Aumentando las tensiones entre el G-20, las naciones ricas hasta ahora no han cumplido su promesa de otorgar US$ 100 mil millones al año a los países en desarrollo para ayudar a financiar su cambio de los combustibles fósiles y mitigar los efectos del cambio climático. Actualmente, ese objetivo de US$ 100 mil millones se alcanzará en 2023, en lugar de en 2020 como se prometió, dijeron recientemente las autoridades de Reino Unido que albergan la COP26. Los líderes del G-20 dijeron que alcanzarían este objetivo lo antes posible, según el comunicado.

Johnson dijo que el elemento clave para desbloquear las negociaciones climáticas en Glasgow sería el dinero. El primer ministro indio, Narendra Modi, había instado a los líderes del G-20 a dar el 1% del producto interno bruto a las naciones en desarrollo para facilitar su transición de los combustibles fósiles, según Johnson. Johnson señaló que “era poco probable en el corto plazo”, pero dijo que esperaba ver más inversionistas privados en la COP26 comprometidos a ayudar a las naciones más pobres con la transición.

Mientras que líderes como la saliente canciller alemana, Angela Merkel, dijeron que el comunicado final era “una buena señal para Glasgow”, otros como el primer ministro canadiense Justin Trudeau expresaron su decepción porque la declaración no era más ambiciosa.

“No hay duda de que a Canadá y junto con otros países les hubiera gustado un lenguaje más fuerte y compromisos más firmes en la lucha contra el cambio climático”, dijo Trudeau a los periodistas. Añadió que le hubiera gustado haber visto un compromiso más firme para limitar el calentamiento global a 1,5 grados centígrados y un lenguaje más fuerte sobre la eliminación del carbón a un ritmo más rápido.

El Presidente de Turquía, Recep Tayyip Erdogan, y su par de Estados Unidos, Joe Biden, caminan hacia una reunión durante la Cumbre del G-20 el 31 de octubre de 2021, en Roma. Foto: AFP

El primer ministro italiano, Mario Draghi, que presidió la cumbre del G-20 en Roma, consideró que la reunión fue un éxito. “Hasta hoy, no compartíamos ambiciones; hoy compartimos todos los objetivos y todas las ambiciones. Ahora tenemos que compartir la velocidad de la acción”, dijo Draghi.

El Presidente de China, Xi Jinping, dijo el domingo en la cumbre del G-20 en un discurso por video que los países desarrollados deben cumplir sus promesas de proporcionar financiamiento climático a los países en desarrollo.

La diplomacia en Roma se ha visto obstaculizada por el hecho de que no todos los líderes mundiales están personalmente presentes en la cumbre. Xi, que no ha salido de su país durante 21 meses, participó en la reunión del G-20 solo a través de un enlace de video, al igual que el Presidente ruso Vladimir Putin.
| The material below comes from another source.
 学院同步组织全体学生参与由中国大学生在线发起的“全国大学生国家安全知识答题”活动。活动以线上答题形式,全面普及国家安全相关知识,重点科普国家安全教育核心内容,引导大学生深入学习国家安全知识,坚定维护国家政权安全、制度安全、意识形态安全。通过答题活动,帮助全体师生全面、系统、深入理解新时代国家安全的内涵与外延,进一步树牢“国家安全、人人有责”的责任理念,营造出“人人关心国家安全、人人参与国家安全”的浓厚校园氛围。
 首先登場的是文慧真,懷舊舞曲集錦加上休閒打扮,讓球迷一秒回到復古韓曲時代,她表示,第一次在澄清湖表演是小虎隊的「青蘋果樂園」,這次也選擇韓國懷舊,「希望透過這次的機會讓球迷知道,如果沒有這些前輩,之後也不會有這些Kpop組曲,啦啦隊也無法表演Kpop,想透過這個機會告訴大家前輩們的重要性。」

Aparte del tema del clima, el G-20 fue un asunto en gran parte conciliador, con líderes tratando de dejar de lado las disputas geopolíticas a medida que sus economías emergen de la pandemia de Covid-19.
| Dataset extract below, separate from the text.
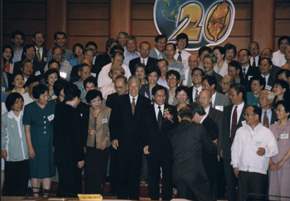 陳總統水扁先生今天上午參加「中華民國史專題第六屆討論會」開幕典禮,並與李前總統登輝先生及與會人員合影留念。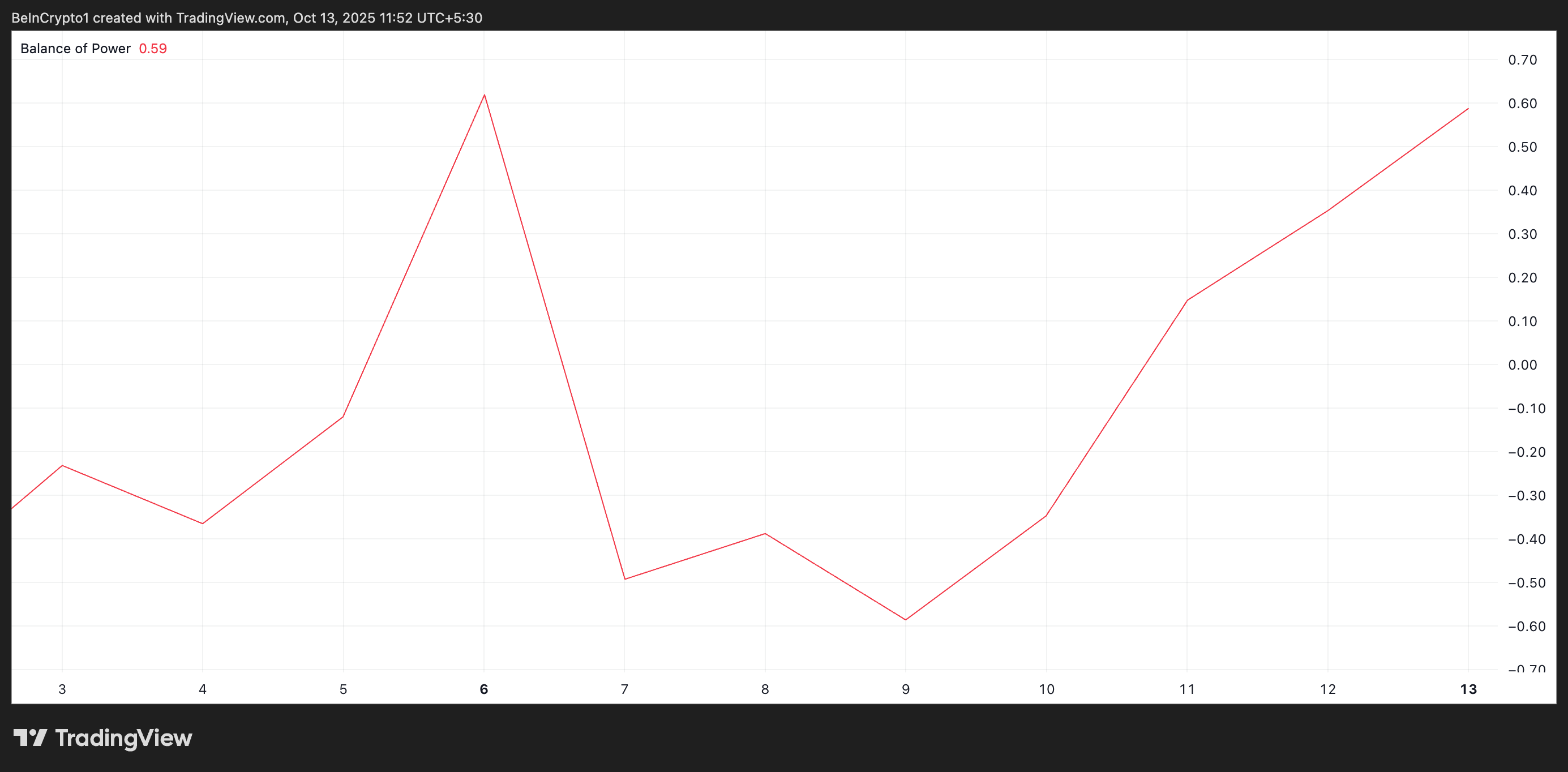 BoP индикаторы нарықтағы сатып алушылар мен сатушылардың күшін өлшейді. BoP көрсеткіштері -1 мен +1 аралығында болады, +1-ге жақын мәндер күшті сатып алу қысымын, ал -1-ге жақын мәндер күшті сату қысымын көрсетеді.

El sábado, los líderes respaldaron el objetivo de vacunar al menos al 70% de la población en cada uno de los países del mundo para mediados de 2022.
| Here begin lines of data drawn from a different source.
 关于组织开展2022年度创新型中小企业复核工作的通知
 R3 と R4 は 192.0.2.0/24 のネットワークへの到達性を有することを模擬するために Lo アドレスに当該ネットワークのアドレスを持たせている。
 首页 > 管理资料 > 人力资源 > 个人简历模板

Mientras tanto, Estados Unidos y la Unión Europea llegaron a un acuerdo para aliviar los aranceles estadounidenses sobre las importaciones de acero y aluminio que se impusieron bajo la administración Trump. Los líderes del G-20 también dieron su sello de aprobación a un acuerdo para establecer una tasa impositiva corporativa global mínima.